• _WHAT THIS TASK INVOLVES_:
Lines from the one containing "当天活动丰富多样。通过观看P" through the final line of the data, restated word for word and free of pictures, make up the whole answer.

• _EXERCISE DATA_:
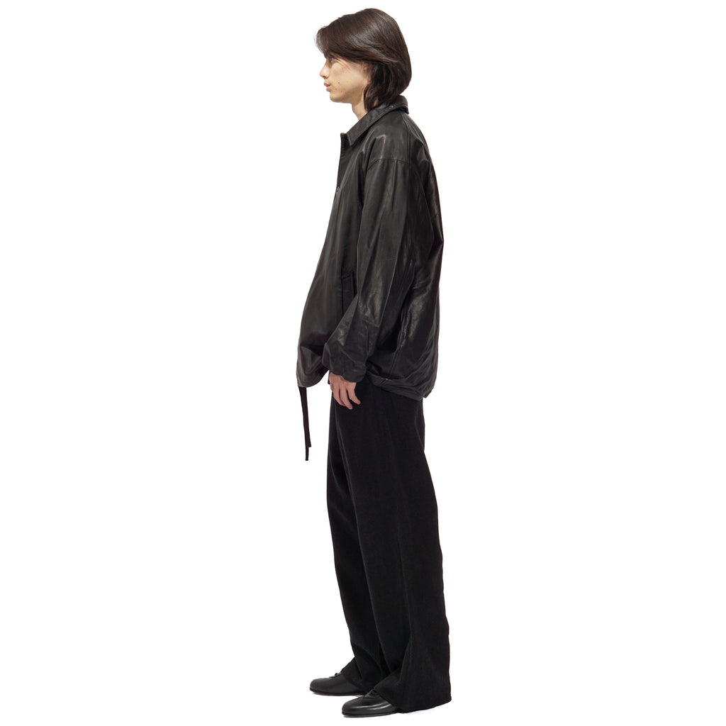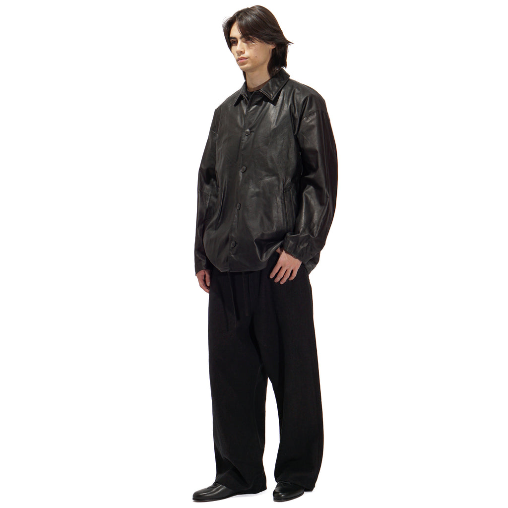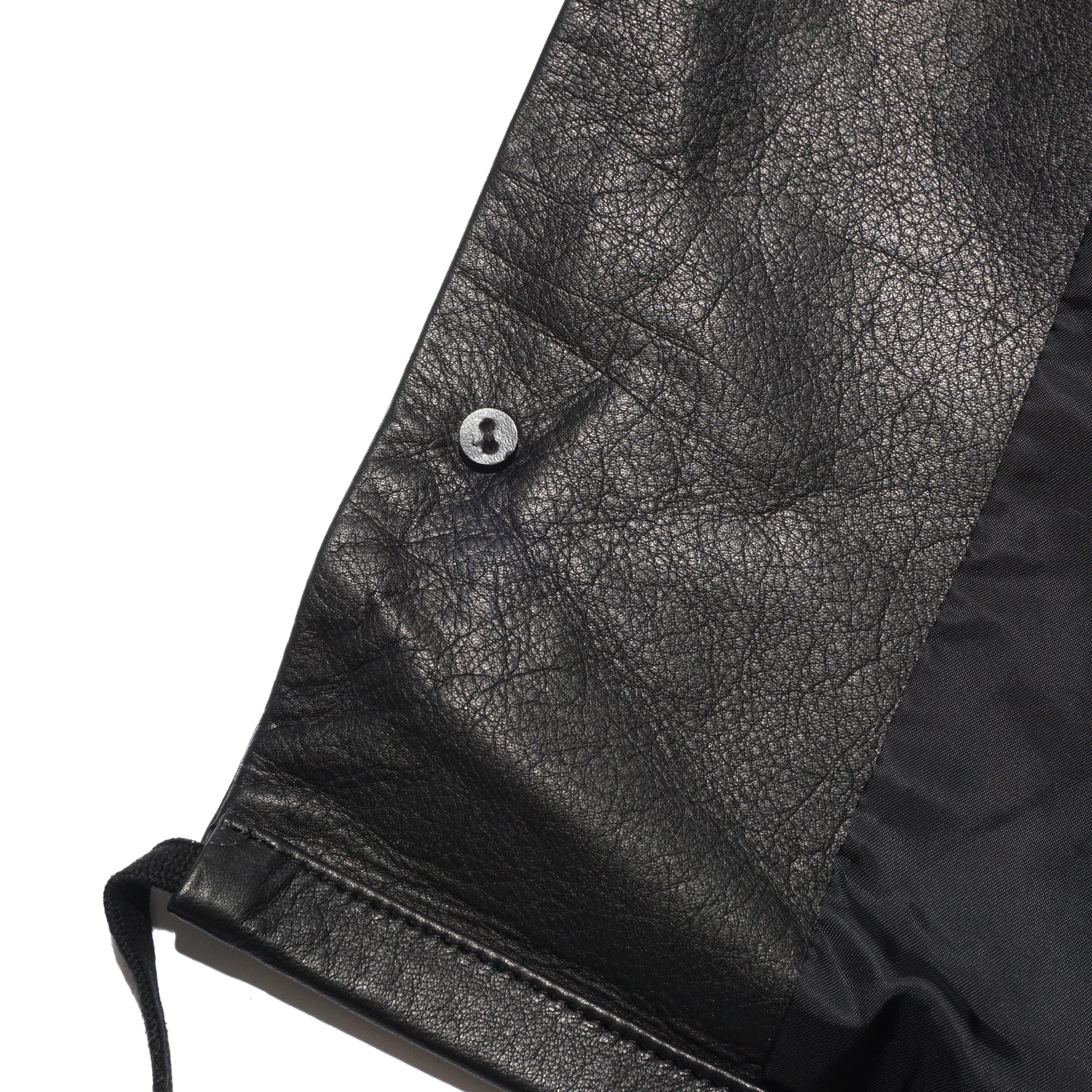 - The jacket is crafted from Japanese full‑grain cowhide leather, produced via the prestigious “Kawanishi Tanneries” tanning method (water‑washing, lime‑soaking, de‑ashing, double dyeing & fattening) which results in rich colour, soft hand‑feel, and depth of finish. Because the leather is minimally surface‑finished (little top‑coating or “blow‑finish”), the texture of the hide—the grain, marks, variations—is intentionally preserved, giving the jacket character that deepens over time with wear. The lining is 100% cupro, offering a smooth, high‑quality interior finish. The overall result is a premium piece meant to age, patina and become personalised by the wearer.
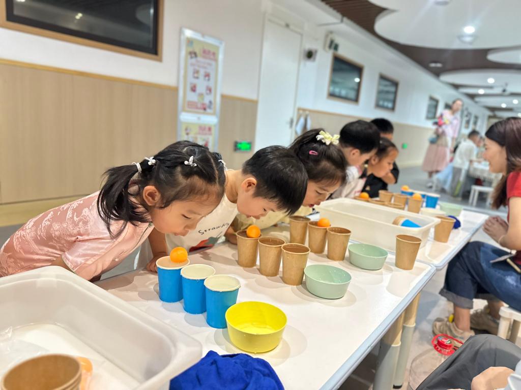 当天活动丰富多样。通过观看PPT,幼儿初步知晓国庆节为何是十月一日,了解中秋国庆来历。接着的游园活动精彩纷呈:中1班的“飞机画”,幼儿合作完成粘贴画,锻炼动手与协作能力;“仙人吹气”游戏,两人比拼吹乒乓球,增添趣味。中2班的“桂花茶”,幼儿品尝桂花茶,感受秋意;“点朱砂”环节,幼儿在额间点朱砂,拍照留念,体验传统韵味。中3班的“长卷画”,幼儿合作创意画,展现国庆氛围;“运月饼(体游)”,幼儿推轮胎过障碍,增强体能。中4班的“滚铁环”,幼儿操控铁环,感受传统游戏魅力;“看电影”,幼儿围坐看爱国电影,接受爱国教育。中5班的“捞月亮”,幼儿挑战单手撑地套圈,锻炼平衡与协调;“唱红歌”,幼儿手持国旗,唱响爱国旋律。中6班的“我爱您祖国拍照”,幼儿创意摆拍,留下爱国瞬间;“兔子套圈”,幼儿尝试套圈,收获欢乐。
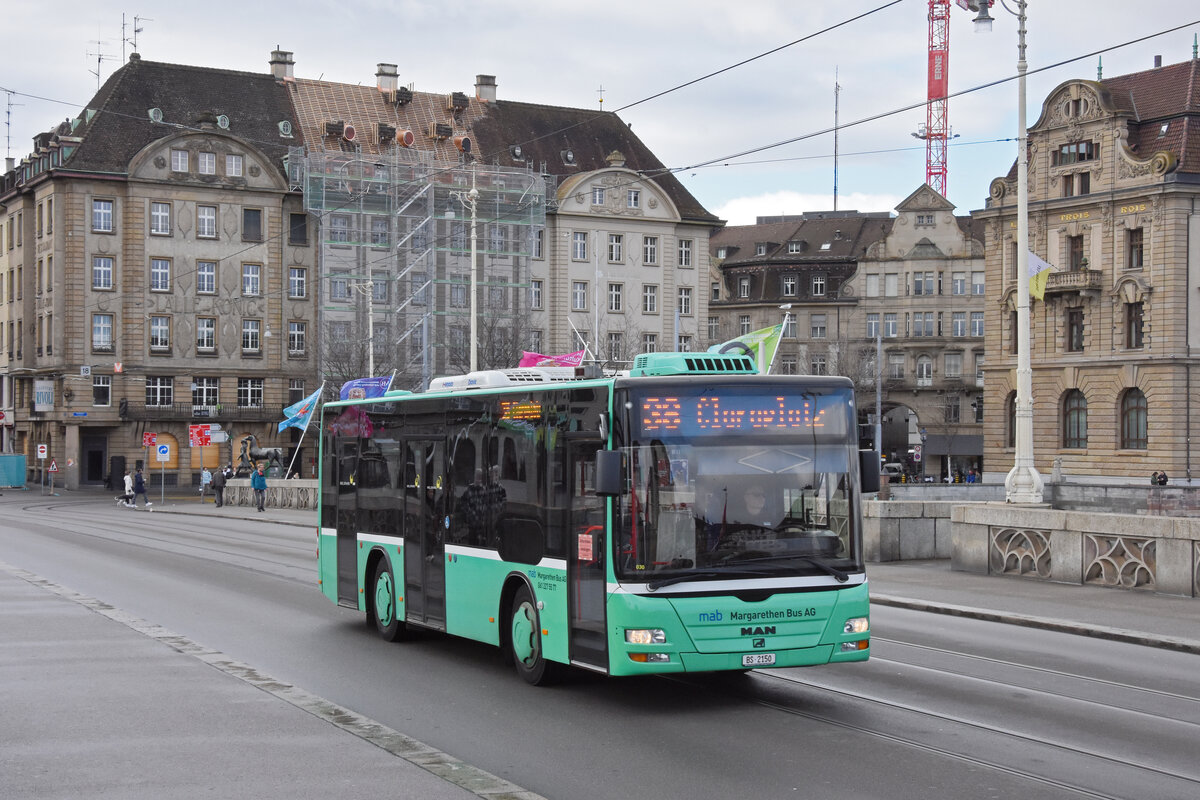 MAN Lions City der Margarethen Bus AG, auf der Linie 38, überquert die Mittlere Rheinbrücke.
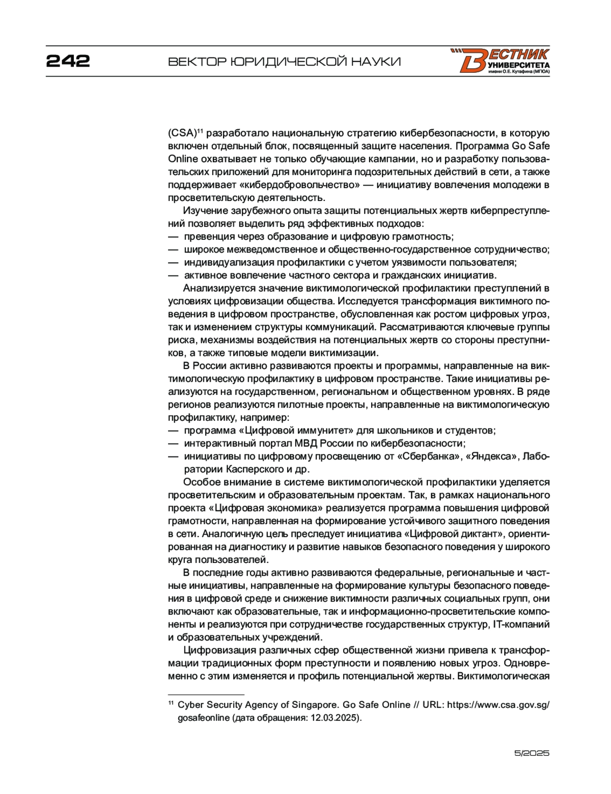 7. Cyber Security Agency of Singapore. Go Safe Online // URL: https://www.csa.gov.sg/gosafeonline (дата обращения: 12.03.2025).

• _FINAL ANSWER_:
 当天活动丰富多样。通过观看PPT,幼儿初步知晓国庆节为何是十月一日,了解中秋国庆来历。接着的游园活动精彩纷呈:中1班的“飞机画”,幼儿合作完成粘贴画,锻炼动手与协作能力;“仙人吹气”游戏,两人比拼吹乒乓球,增添趣味。中2班的“桂花茶”,幼儿品尝桂花茶,感受秋意;“点朱砂”环节,幼儿在额间点朱砂,拍照留念,体验传统韵味。中3班的“长卷画”,幼儿合作创意画,展现国庆氛围;“运月饼(体游)”,幼儿推轮胎过障碍,增强体能。中4班的“滚铁环”,幼儿操控铁环,感受传统游戏魅力;“看电影”,幼儿围坐看爱国电影,接受爱国教育。中5班的“捞月亮”,幼儿挑战单手撑地套圈,锻炼平衡与协调;“唱红歌”,幼儿手持国旗,唱响爱国旋律。中6班的“我爱您祖国拍照”,幼儿创意摆拍,留下爱国瞬间;“兔子套圈”,幼儿尝试套圈,收获欢乐。
 MAN Lions City der Margarethen Bus AG, auf der Linie 38, überquert die Mittlere Rheinbrücke.
 7. Cyber Security Agency of Singapore. Go Safe Online // URL: https://www.csa.gov.sg/gosafeonline (дата обращения: 12.03.2025).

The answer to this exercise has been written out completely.